Item 9.01 Financial Statements and Exhibits
99.1 | Press Release of HC2 Holdings, Inc. dated November 2, 2015 |
Exhibit 99.1 shall not be deemed filed for purposes of Section 18 of the Exchange Act, nor shall it be deemed incorporated by reference in any filing under the Securities Act, except as shall be expressly set forth by specific reference in a filing. |
SIGNATURE
Pursuant to the requirements of the Securities Exchange Act of 1934, the registrant has duly caused this report to be signed on its behalf by the undersigned hereunto duly authorized.
|
HC2 Holdings, Inc
(Registrant) |
|
|
|
|
Date: November 2, 2015
|
By:
|
/s/ Michael Sena
|
|
Name:
|
Michael Sena
|
|
Title:
|
Chief Financial Officer
|
Exhibit 99.1
HC2 Holdings Reports Third Quarter 2015 Results
Net revenue of $277.5 million for the third quarter 2015 and $760.3 million for the 9 months
Ended September 30, 2015, Adjusted EBITDA of $24.7 million from our primary operating subsidiaries
New York, NY — (GlobeNewswire) — 11/2/2015 — HC2 Holdings, Inc. (HC2) (NYSE MKT: HCHC), a diversified holding company that focuses on acquiring, investing in and operating businesses that it considers to be under or fairly valued and growing its acquired businesses, today announced its consolidated results for the third quarter of fiscal 2015, which ended on September 30, 2015.
We are very pleased with our third quarter execution, especially the continued strength of Schuff and Global Marine, two of HC2's key operating companies, said Philip Falcone, HC2s Chairman, President and Chief Executive Officer. We are encouraged by the 16% increase in Schuffs backlog of projects during the quarter and the company's ongoing execution of building a solid revenue pipeline. In Marine Services, our outlook remains positive as Global Marine, a company that has been in business for more than 120 years, continues to perform as expected as their maintenance sector remains robust and continues to underpin results. We are also very excited about the progress at our Telecommunications segment which is now Adjusted EBITDA positive as a result of the past years restructuring of the PTGi ICS business. Looking forward, we will continue to pursue highly attractive, cash flow positive businesses and will remain committed to building long-term value in these businesses, which we believe will offer a significant value added proposition to our shareholders.

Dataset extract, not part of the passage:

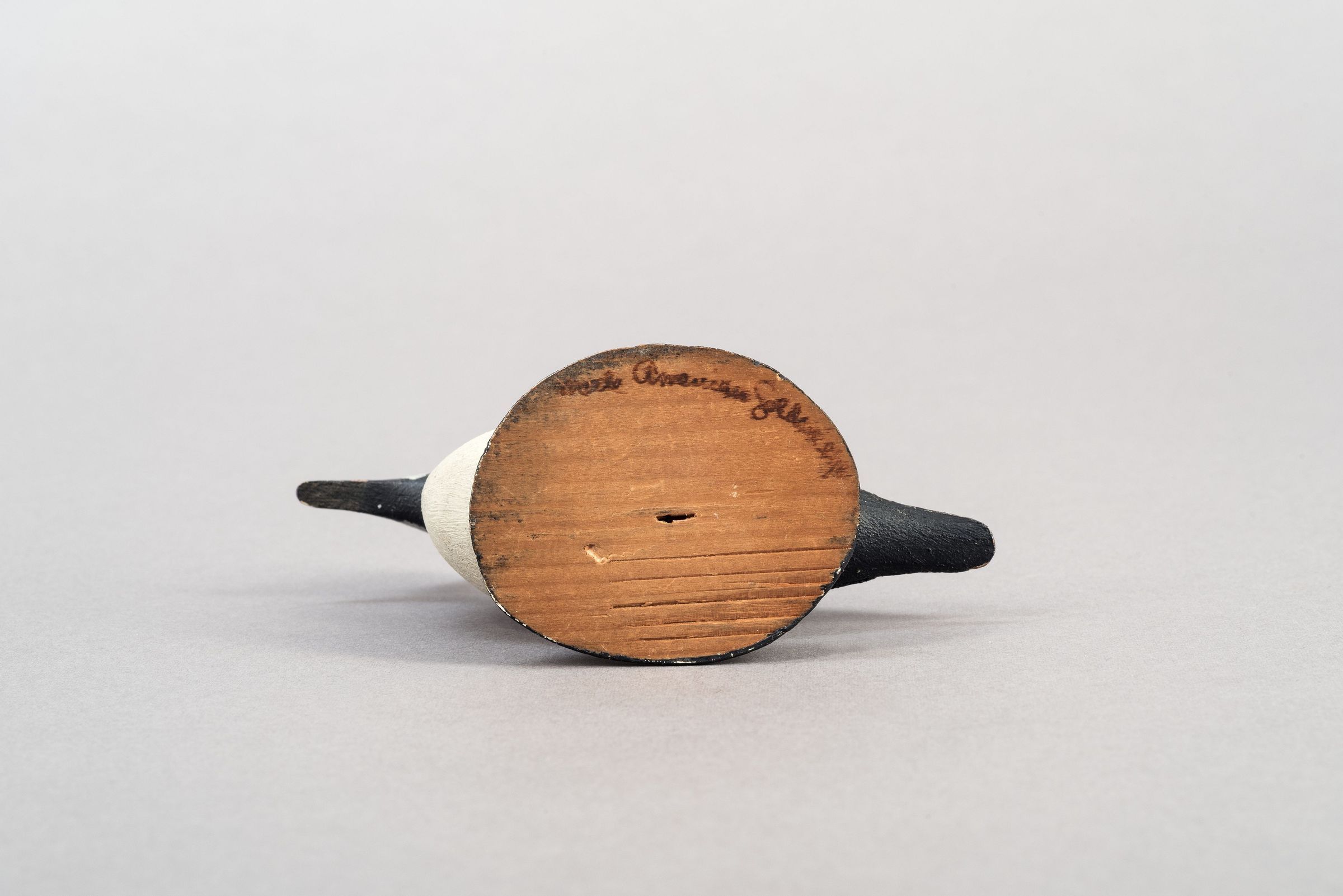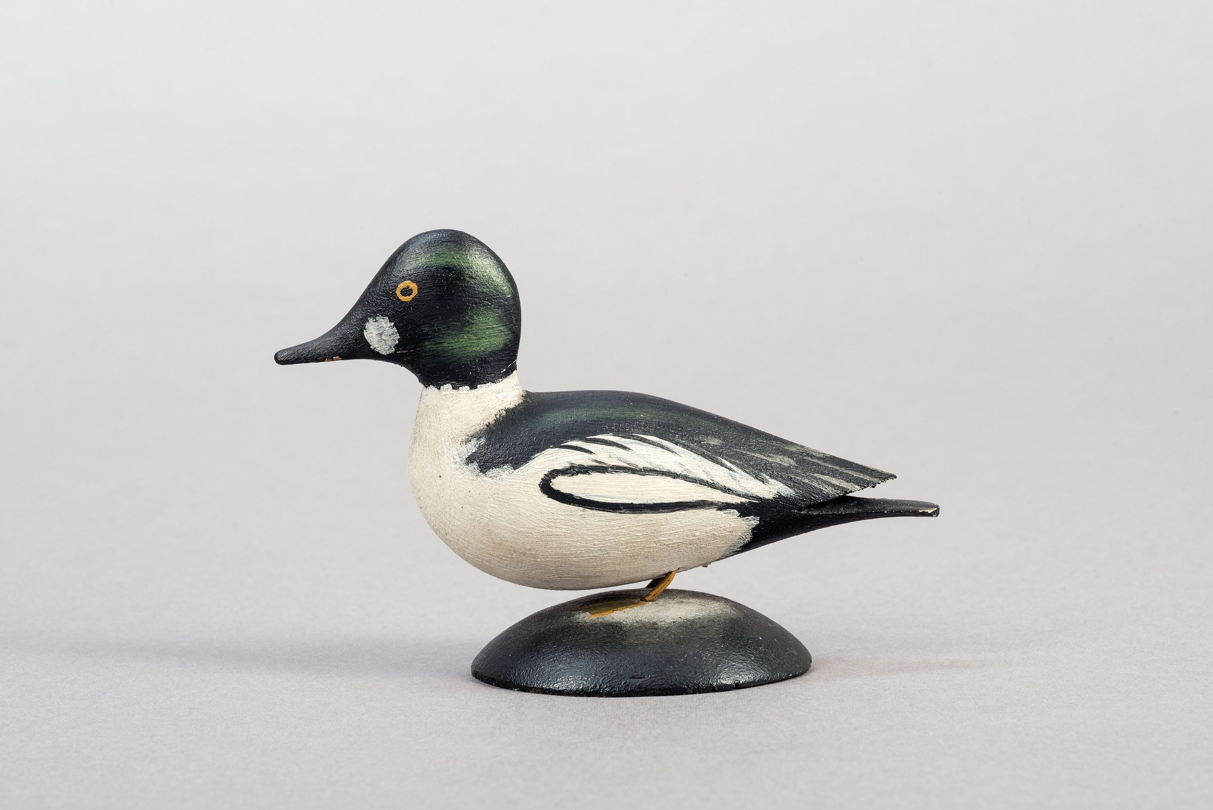 Gigi Hopkins: Part of a group of six with oval ink stamp (rare mark). Stamp not visible with "Male American Goldeneye" written in brown ink on underside of base. Oval base. Eye is a circle of orange with round black center, standard Crowell feet. Nice paint.

Third Quarter 2015 Financial Highlights:
• | Net revenue: HC2 recorded consolidated total net revenues of $277.5 million for the third quarter of 2015, an increase of $98.0 million, or 54.6%, as compared to the third quarter of 2014 as reported and up $53.5 million, or 23.9%, from the third quarter of 2014 on a pro-forma basis. Net revenue for the third quarter of 2015 decreased $3.5 million, or 1%, when compared to the seasonally high second quarter of $281.0 million, primarily driven by decreases in our Manufacturing segment due to a reduction in industrial projects in the Gulf Coast region and our Marine Services segment due to lower installation projects during the quarter. The decrease was largely offset by continued improvement in our Telecom segment due to continued expansion into emerging markets. |
HC2 recorded consolidated total net revenue of $760.3 million for the nine months ended September 30, 2015, an increase of $440.9 million, or 138%, as compared to the same period last year as reported and an increase of $130.2 million, or 20.7%, for the same period of 2014 on a pro-forma basis.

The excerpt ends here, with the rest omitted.